Владимир Бойко Дель Боске
Готовились к вечеру самодеятельности в подшефном военном госпитале. Репетировали номера. Лола и Соле посещали кружок танца и балетного искусства. Росита завидовала, но танцевать не могла из-за больных ног. Вместе с другими девочками должны были исполнять танец «маленьких лебедей» из балета П. И. Чайковского «Лебединое озеро». Кружком руководила пожилая женщина, преподаватель хореографии. Когда немцы подходили к Ленинграду, она эвакуировалась на Кавказ. Лола её побаивалась. Она никогда не кричала. Говорила ровным, твёрдым голосом – и её слушались.
- Ножку, ножку ровней. Ещё. Ещё, - требовала учительница.
Лолита изо всех сил вытягивала и без того длинную ногу.
- Не гнуть пальчики.
Лола даже язык высовывала от напряжения, но пальцы не гнула.
- У тебя ысокие и стройные ноги, - говаривала учительница. – Ты ещё ребёнок. Но когда подрастёшь, из тебя может выйти балерина. И неплохая. Только надо много, очень много тренироваться. У балерины ноги должны работать не хуже, чем голова.
Лоле льстило, что с ней разговаривают, как со взрослой. Ну, конечно, она будет балериной. Этого хотел и папа. Тонко чувствуя ритм, Лола танцевала лучше остальных девочек. Она самозабвенно любила танцы.
Долгое время не могли найти костюмов для маленьких лебедей. Потом сшили их сами. Помогали взрослые. Из марли сделали платьица. Потом накрахмалили.
Лёгкой пушинкой, поднимаясь на пачках на самые кончики пальцев и снова опускаясь на всю ступню, Лола плыла в танце, изображая себя настоящей лебедью. Выдумщице и фантазёрке, ей это легко представить.

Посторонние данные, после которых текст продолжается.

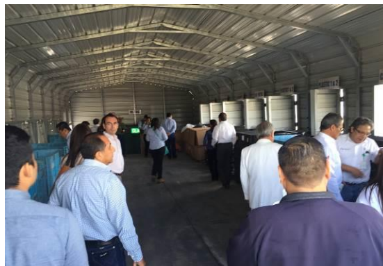
Gulf TF participants tour Pharr Recycling Center

The City of Pharr, a previous recipient of Border 2020 funds, presented their recycling program “Let’s Clean it and Green it Up” as well as gave stakeholders a tour of their recycling facility. The City of Pharr received a Border 2020 grant to offer more frequent and convenient solid waste disposal events, as well as host more beautification and cleanup events and improve their recycling and outreach programs.

Прошла генеральная репетиция. Завтра вечером выступление. Маленткая артистка взволновалась, будто предстоял дебют на большой сцене. Много причин для волнений. А что, если собъётся с ритма. А что если Соле опять наступит на ногу, как вчера? Самая маленькая в лебединой стайке исполнительниц, она не хотела быть последней. А что если она подведёт Марью Павловну или разочарует камарада Эрнесто Медина?
Ей было жалко этого большого, сильного человека с тугой повязкой на глазах, казавшегося таким безпомощным. Он вызывал в ней почти материнское сострадание. Камарада Медина рассказывала ей и Педро об отце. Они и не знали, что папа сидит в тюрьме. Мама об этом не писала. А потом, кода фашисты напалли на Россию, письма вообще перестали доходить.

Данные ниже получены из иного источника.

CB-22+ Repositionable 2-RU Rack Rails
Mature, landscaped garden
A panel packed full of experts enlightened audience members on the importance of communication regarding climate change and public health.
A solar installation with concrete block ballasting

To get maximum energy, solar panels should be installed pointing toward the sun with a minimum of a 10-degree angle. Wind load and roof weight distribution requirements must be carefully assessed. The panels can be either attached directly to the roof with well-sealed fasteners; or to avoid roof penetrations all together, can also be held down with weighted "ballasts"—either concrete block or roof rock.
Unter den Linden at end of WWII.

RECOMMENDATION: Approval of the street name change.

Камарада Эрнесто видел отца. Пусть на коротких тюремных прогулках, от стены до стены, но он его видел. Лола не могла себе предстваить, какой сейчас папка. В её глазах отец оставался таким, каким она видела его в последний раз. С годами образ не менялся.

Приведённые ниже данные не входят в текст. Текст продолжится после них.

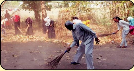
महाविद्यालयाचा परिसर स्वच्छ करताना राष्ट्रीय सेवा योजनेच्या विद्यार्थिनी व कार्यक्रमाधिकारी
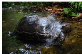
Tortoise Forest floor.
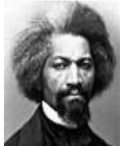
Frederick Douglass 1817-1895 Abolitionist, Orator Statesman
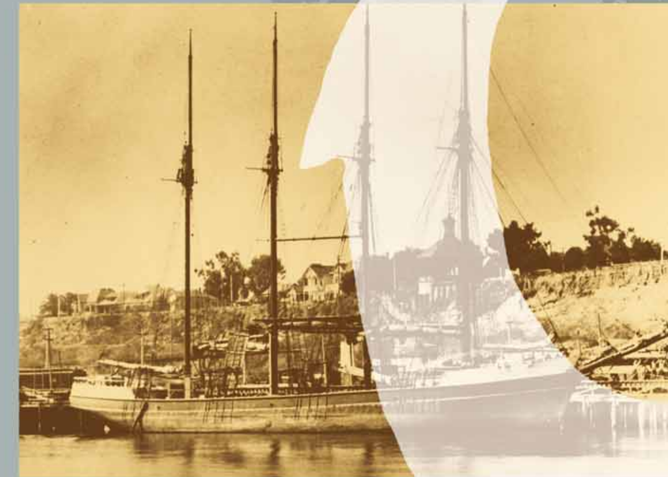
Schooner Churchill, lost at French Frigate Shoals 1917
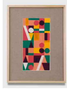
Antonio Adriano Puleo Domenica Studio (Sunday Study) 2022 Flashe, oil, and collaged paper on paper with artist frame 18 1/2h x 13 1/2w inches 47h x 34.3w cm AAP-058

Камарада Эрнесто отступал в последние дни в арьергарде 43 дивизии через Пиренеи во Францию. Он помнил и отца Фелисы, Антонио Гарсиа, был его помощником в бою у границы. Видел, как погиб старый Доминго, отец Эрнесто и Кармне, - на французской территории пулей в затылок с испанской стороны. Чёрную весть принёс он детям. Но они приняли его мужественно.
Маленький Эрнесто лишь сжал кулаки и закусил губу:: Карамба, он ещё покажет фашистам, убившим отца. Не будь он Эрнесто.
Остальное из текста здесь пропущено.